[Opening Dataset section]

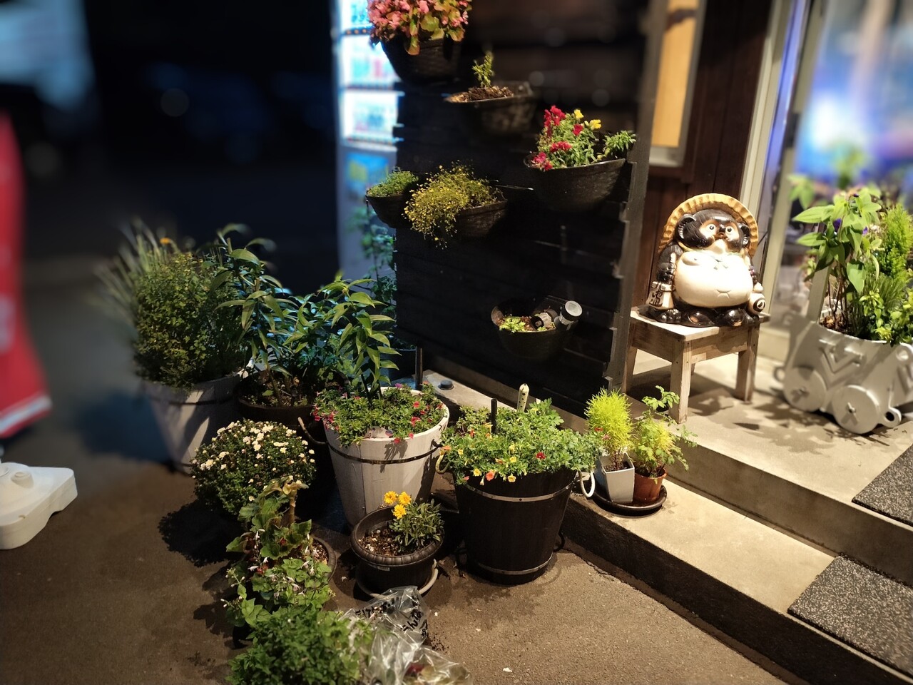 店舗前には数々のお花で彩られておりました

[Closing Dataset section]
[Opening Dataset section]

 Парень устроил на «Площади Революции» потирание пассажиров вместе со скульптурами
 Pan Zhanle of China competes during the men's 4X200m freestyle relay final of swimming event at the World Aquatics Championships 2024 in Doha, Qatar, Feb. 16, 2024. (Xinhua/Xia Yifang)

[Closing Dataset section]

Exercise brief: Using the records above, set down exactly the lines from the one with "Парень устроил на" through the one with "Pan Zhanle of", inclusive, and nothing more.

Answer to this exercise:
 Парень устроил на «Площади Революции» потирание пассажиров вместе со скульптурами
 Pan Zhanle of China competes during the men's 4X200m freestyle relay final of swimming event at the World Aquatics Championships 2024 in Doha, Qatar, Feb. 16, 2024. (Xinhua/Xia Yifang)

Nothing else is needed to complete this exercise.